Thanks to the Montreal Protocol on the Protection of the Ozone Layer, pollution of the Earth’s atmosphere by ozone-depleting substances, such as chlorine or bromine from halons and chlorofluorocarbons (CFCs), decreased over the past years. Ozone is, however, not only influenced by these substances, but acts as a greenhouse gas itself: Its impact on climate near the ground is highest in the tropopause region, the transition zone between stratosphere and troposphere at 7 to 17 kilometers altitude. The complex processes taking place there are subject of an extensive measurement campaign with the German research aircraft HALO. The campaign is coordinated by climate researchers of Karlsruhe Institute of Technology (KIT) and carried out in close collaboration with several partners.

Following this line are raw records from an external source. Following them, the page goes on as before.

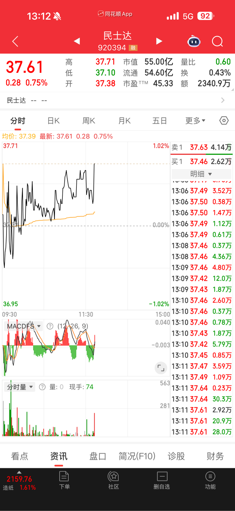 $民士达(SZ920394)$ 看到没,虽然上方没压力。但是2000块钱跟股指拉上去,马上有80w往下打。谁敢拉?
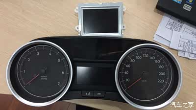 原车拆下来的组合仪表总成正面 与 508 彩屏合影。待会后面的工作主要是为了把小屏放入到原车的组合仪表内,达到与顶配的效果相同。下端的按键目前还没有处理想法。
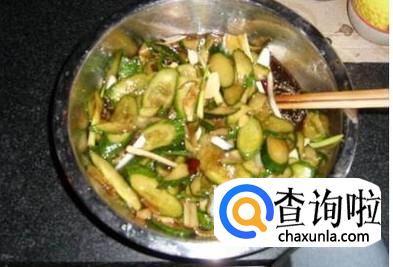 把切好的黄瓜放在锅里,然后再加入适量的食用盐,腌制5个小时,食用盐不能放太多,否则咸菜就太咸了。
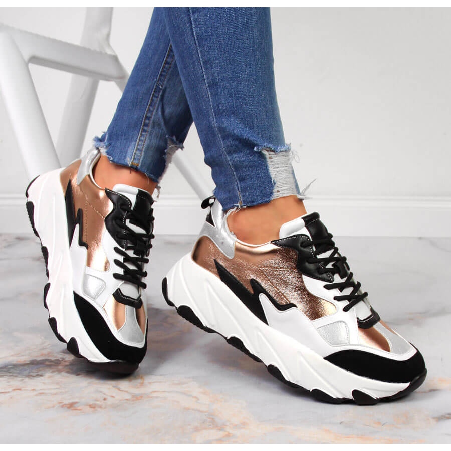 Women's sneakers Potocki-white and gold platforms that will change any stylization. The elegant and at the same time sporty cut combines comfort with a fashionable look: a soft, textile lining and ecological leather insert ensure comfort from the first assumption, and the decorative platform emphasizes the figure and adds a few centimeters without giving up convenience.
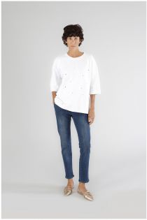 Sudadera de cuello redondo y manga 3/4 con aplicación de espejo en el delantero. ajuste cómodo. una prenda que no puede faltar en el armario de una mujer dinámica y que ama el estilo incluso en su tiempo libre.

“The tropopause region above the Arctic has hardly been studied so far with focused airborne observations. For the present measurement campaign, the HALO research aircraft has been equipped with a combination of specially developed sensors. In particular, we want to better understand the processes influencing ozone and other climate-affecting trace gases in the Arctic tropopause region in winter,” Hermann Oelhaf of the KIT Institute of Meteorology and Climate Research, says. He coordinates the campaign together with his colleague Dr. Björn-Martin Sinnhuber.
The “High Altitude and Long Range Research Aircraft”, HALO, at the Oberpfaffenhofen hangar. (Photo: Andreas Minikin, DLR)

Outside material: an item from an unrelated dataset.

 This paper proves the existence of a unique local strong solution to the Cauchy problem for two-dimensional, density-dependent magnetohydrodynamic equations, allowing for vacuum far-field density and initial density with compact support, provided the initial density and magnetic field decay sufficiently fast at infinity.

“We know that climate change due to the increase in the concentrations of CO2 and other greenhouse gases will have a strong impact on the ozone layer. But in the Arctic winter, the processes involved are complex due to the interaction of atmospheric circulation and chemistry. We do not understand some of these mechanisms sufficiently well to make reliable predictions for the future,” Björn-Martin Sinnhuber explains. While the increased concentration of greenhouse gases causes global warming on the ground, it leads to cooling in the stratosphere.

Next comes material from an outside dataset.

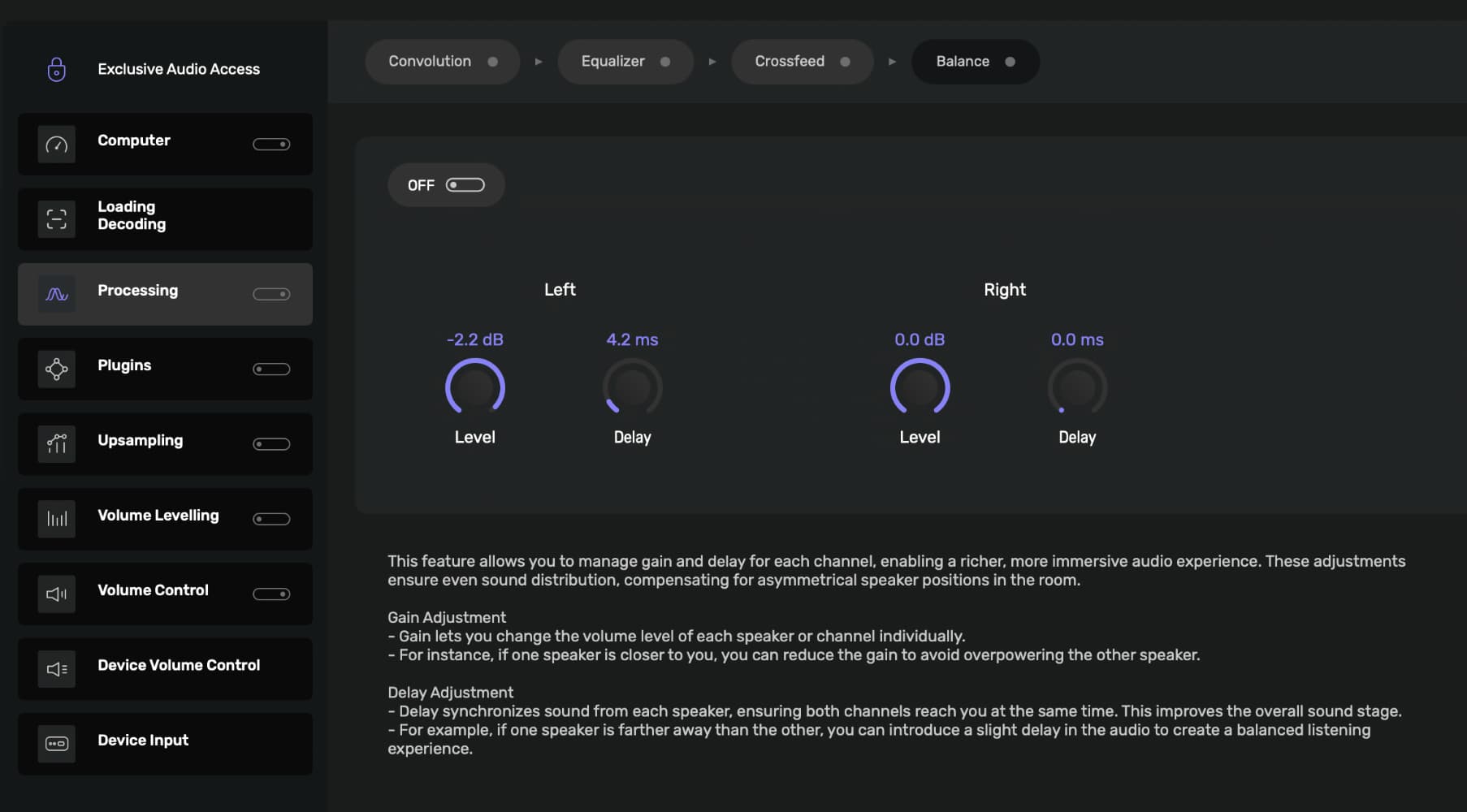 I have processing enabled with balance set with attenuation and delay for the left speaker. With processing disabled the album plays fine but immediately crackles when enabled.

Contrary to the South Pole, where every year in the southern hemisphere spring an ozone hole develops, comparable extreme ozone depletions above the Arctic were observed in a few, very cold winters only. “It is still an open question whether climate change will indeed cause more cold winters in the Arctic stratosphere or whether changes of atmospheric circulation will rather lead to its warming,” Sinnhuber says.
Via seven trace gas inlets atmospheric air is drawn in and directed to the onboard in-situ instruments on board. (Photo: Hermann Oelhaf, KIT)
During the campaign, the researchers will in particular focus on processes controlling ozone, water vapor, and other trace gases in the tropopause region, i.e. in the transition zone between troposphere and stratosphere at 7 to 17 kilometers altitude. At polar latitudes, it is found at 7 to 12 km altitude. “The distribution of climate-influencing trace gases in the tropopause region is controlled by transport pathways, by which air masses from the Arctic enter the mid-latitudes and vice versa, and by exchange processes between the stratosphere and troposphere,” Hermann Oelhaf explains. HALO (High Altitude and Long Range Research Aircraft) can reach altitudes of up to 15 km and has a range of more than 8,000 km, which makes it particularly suited for such studies.
HALO is fuelled before the first POLSTRACC flight (Photo: Hermann Oelhaf, KIT)
An important measurement instrument on board of HALO is the GLORIA infrared spectrometer developed and built jointly by scientists and engineers of KIT and Forschungszentrum Jülich. “With GLORIA, we can observe temperature, cloud parameters, and a number of relevant trace gases in the atmosphere,” Hermann Oelhaf says. The infrared spectrometer analyzes thermal radiation of the atmosphere and identifies trace gases based on their spectral signature, much like a fingerprint of the molecules. As thermal radiation emitted by the atmosphere itself is measured, the method also works during polar night. GLORIA combines a spectrometer with an infrared camera and, in this way, can observe two-dimensional trace gas distributions – resembling finely woven curtains along the flight path – in far more detail than before. “We obtain new insights into vertical and horizontal transport processes as well as into the interaction between high thin cirrus clouds and trace gases, such as water vapor, in the tropopause region. Both are critical parameters in the climate system,” Oelhaf explains.
About 70 scientists, engineers, technicians, pilots, and logistics specialists will be present at the “Arena Arctica” hangar in Kiruna, Sweden, near the polar circle. Partners in the project “POLSTRACC – Polar Stratosphere in a Changing Climate” alongside the Karlsruhe Institute of Technology (KIT) are the Forschungszentrum Jülich (FZJ), the German Aerospace Center (DLR), and the Universities of Heidelberg, Frankfurt, Mainz, and Wuppertal, as well as the Physikalisch-Technische Bundesanstalt. Presently, first test flights are carried out from the DLR base at Oberpfaffenhofen near Munich. Between January and March 2016, the “Arena Arctica” will be used as the base for 10 to 15 research flights across the polar sea towards Greenland and the North Pole.
The HALO research aircraft is a collective initiative by German environment and climate research bodies. HALO is funded by contributions from the German Federal Ministry of Education and Research (Bundesministerium für Bildung und Forschung; BMBF), the German Research Foundation (Deutsche Forschungsgemeinschaft; DFG), the Helmholtz Association, the Max Planck Society, the Leibniz Association, the Free State of Bavaria, the Karlsruhe Institute of Technology, the German Research Centre for Geosciences (Deutsches GeoForschungsZentrum; GFZ), the Jülich Research Centre (Forschungszentrum Jülich) and the German Aerospace Center (Deutsches Zentrum für Luft- und Raumfahrt; DLR).